Foreign investors pumped in almost Rs 19,000 crore in the Indian debt market so far in the new year after being net sellers of bonds in 2013.
FII inflows in the debt market are returning on account of stability observed in foreign exchange and interest rates, according to market experts.
Foreign institutional investors (FIIs) were gross buyers of debt securities worth Rs 30,266 crore and sellers of bonds to the tune of Rs 11,450 crore till January 24, resulting in a net inflow of Rs 18,816 crore (USD 3.05 billion), according to data from the Securities and Exchange Board of India.
In addition, FIIs bought a net Rs 3,473 crore (USD 563 million) in the equity market in this period, taking their total investment in debt and stocks to about Rs 22,289 crore (USD 3.61 billion).
In 2013, overseas investors withdrew a net Rs 50,847 crore (USD 8 billion) from the bond market and infused a net Rs 1.13 lakh crore (USD 20.10 billion) in equities.
They started pulling out from the Indian debt market after the US Federal Reserve indicated in May that it would taper its stimulus programme, raising concerns that funds available for investing in emerging markets may be reduced.

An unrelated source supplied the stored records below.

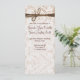This rustic wedding invitation program has a burlap print with an overlay of lace print and a twine bow at the top.The burlap, lace, and twine are just printed designs. It is not actual burlap fabric or actual lace or twine. Just add your own wedding program wording, or you could use this for a wedding menu or any other item need for your wedding.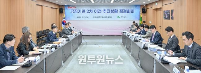 (원투원뉴스) 대구광역시는 3월 25일 시청 동인청사에서 김정기 대구광역시장 권한대행 주재로 ‘공공기관 2차이전 유치위원회’ 민간위원과 관계부서가 참여한 가운데, 2차 이전 추진상황을 점검하고 향후 대응계획을 논의했다.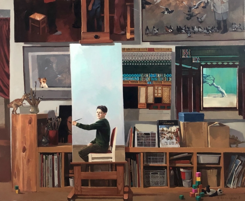 Слева от картины “Чукотка” в мастерской расположен автопортрет 2000-х годов. Кирилл Шебеко работал в той же технике. Он изобразил себя во время работы.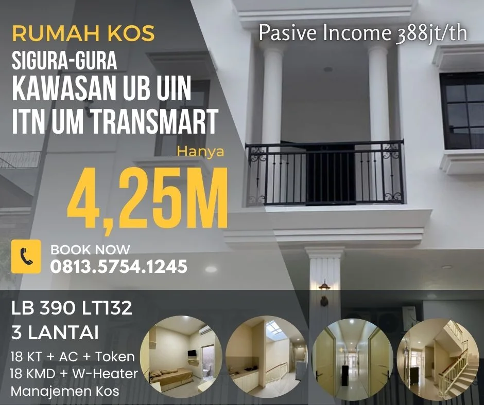 Lokasi strategis bebas banjir, dikelilingi banyak kampus (UB, UM, ITN, UIN, Unisma, Unitri, Uniga, UMM) Transmart Matos Mall Dinoyo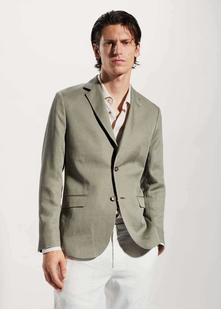 修身版型. 亚麻和莱赛尔混纺面料. 标准设计. 凹形翻领. 单线嵌袋,装饰性袋盖. 长袖带系扣袖口. 背后开叉. 正面内衬. 内衬. 两个内袋. 内袋. 直下摆. 精裁西装系列. 前扣闭合
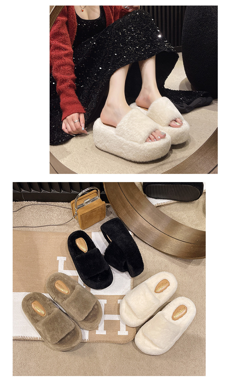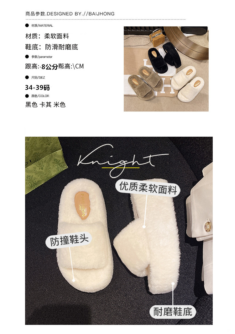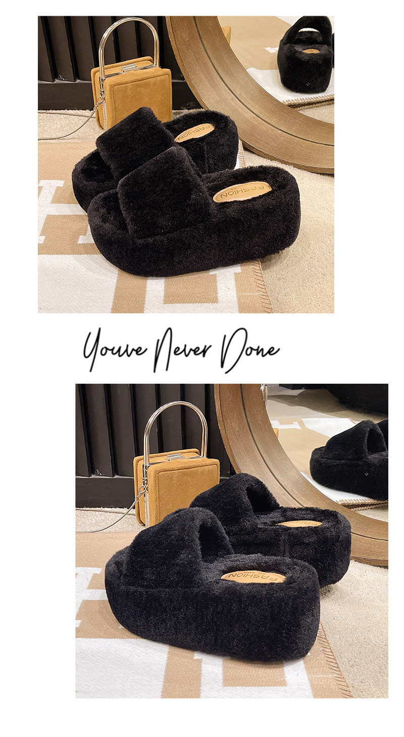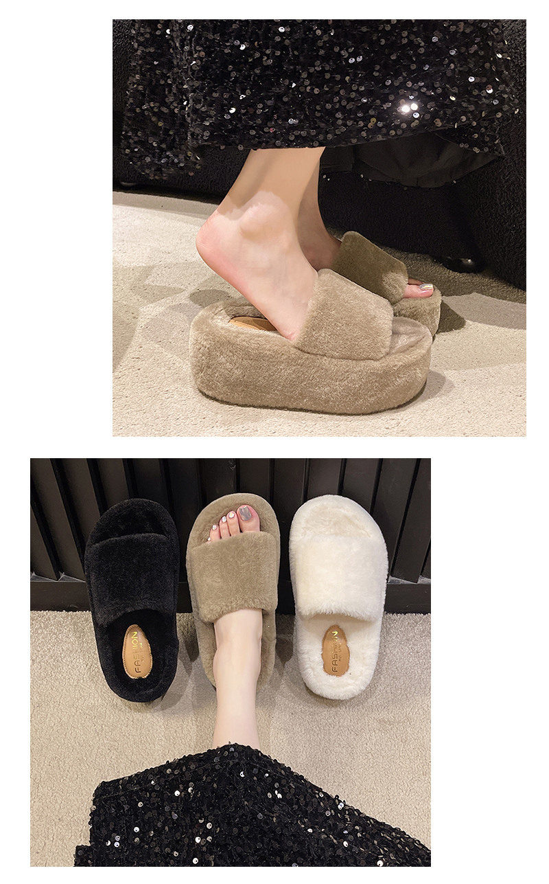 7センチの毛羽立ち靴の女性は2023年にネットレッドが起爆した秋の冬に出て厚い底のぬいぐるみの綿のスリッパを履いている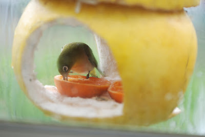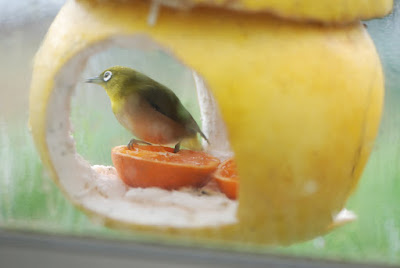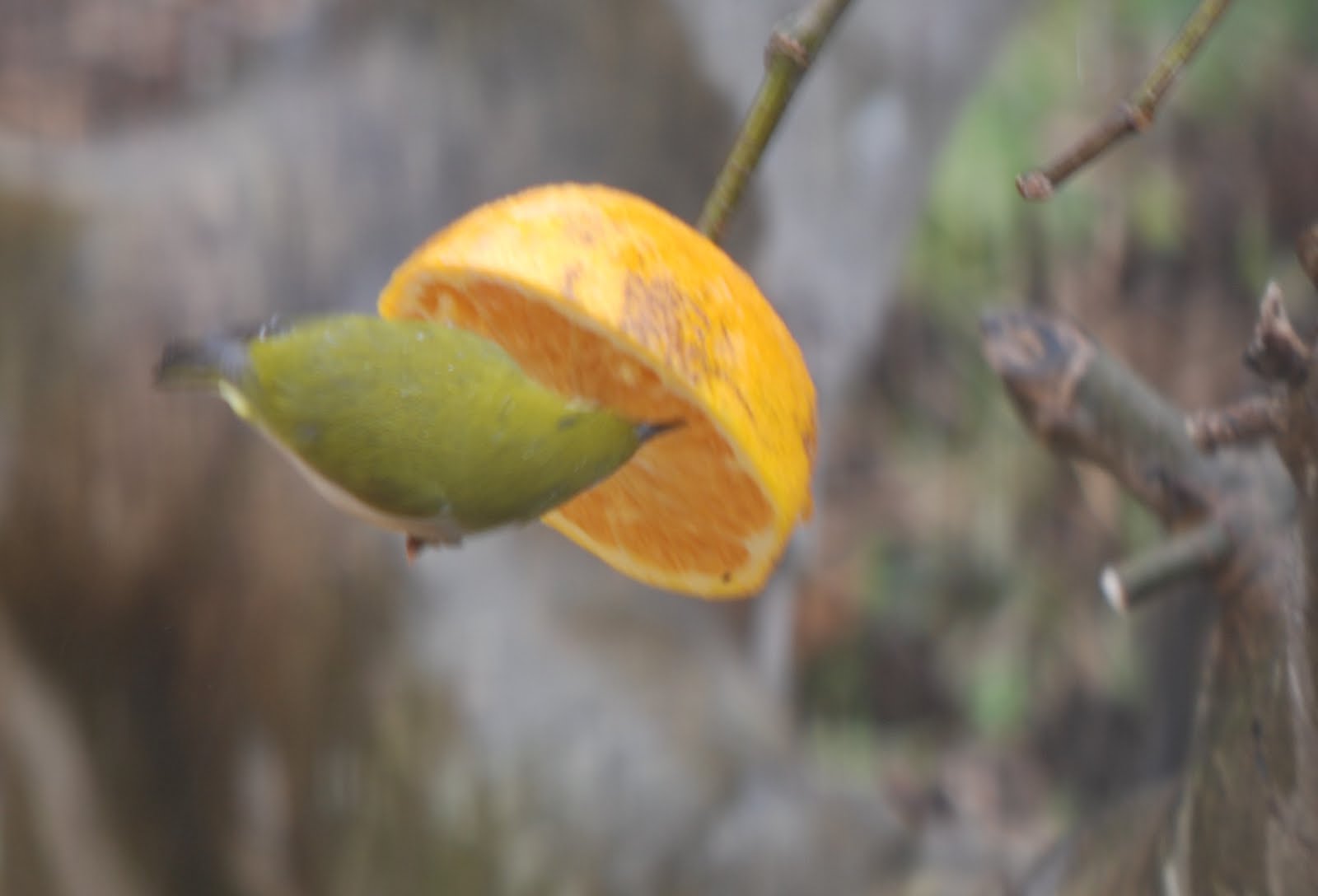 美味しそうに我が家のミカンを食べているメジロ君。 |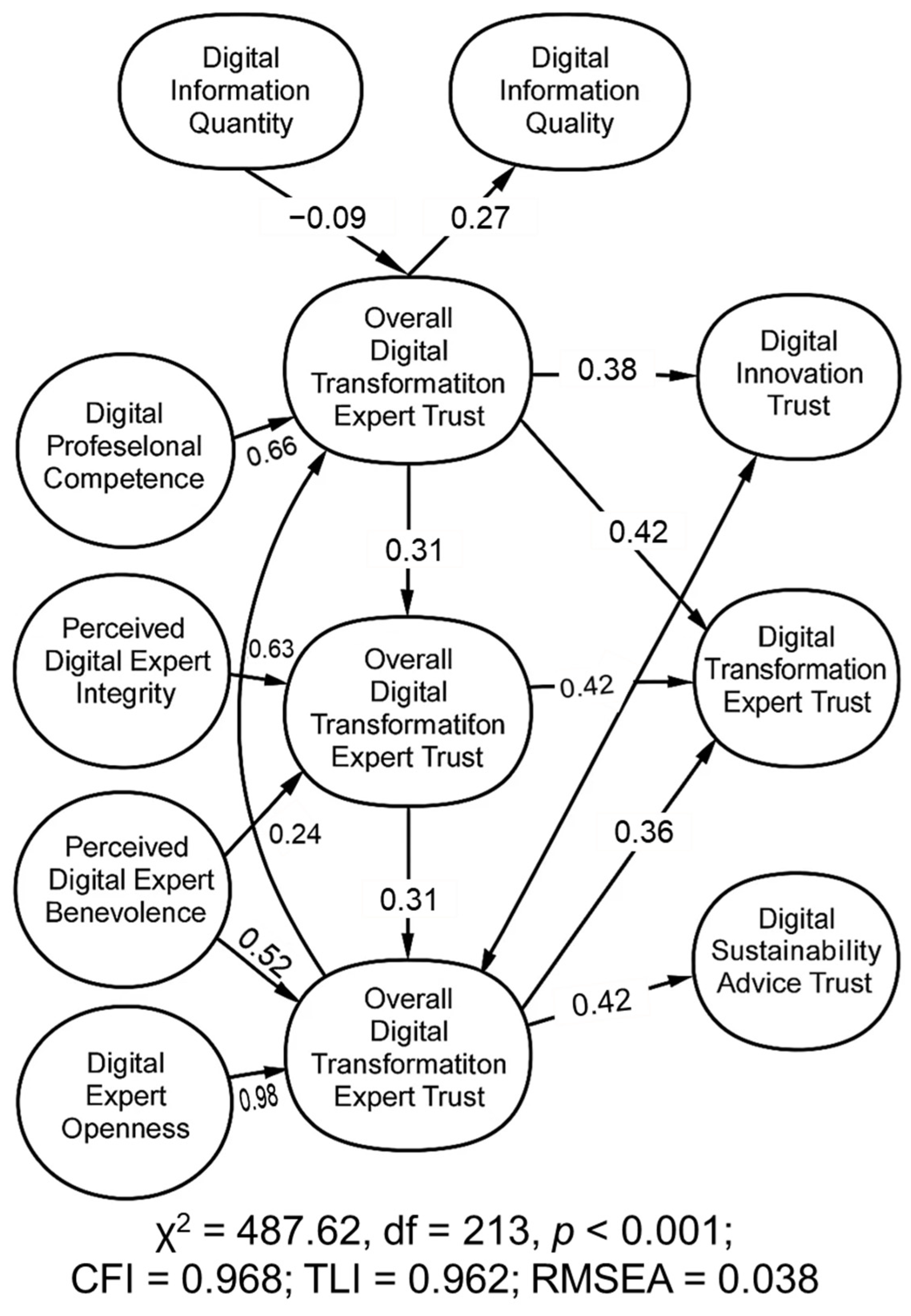 M = 6.59, SD = 1.58). Confirmatory Factor Analysis (CFA) further supported the three-dimensional structure of the digital transformation trust instrument, yielding satisfactory fit indices (χ

The Fed subsequently decided to start reducing its bond purchases by USD 10 billion to USD 75 billion from this month.
The rupee, which touched an all-time low of 68.85 in August, has recovered and closed at 62.66 against the dollar on Friday.
The Reserve Bank of India kept its key interest rate unchanged at the mid-quarter monetary policy review on December 18.
There were 1,724 registered FIIs in the country and 6,354 sub-accounts as of January 24.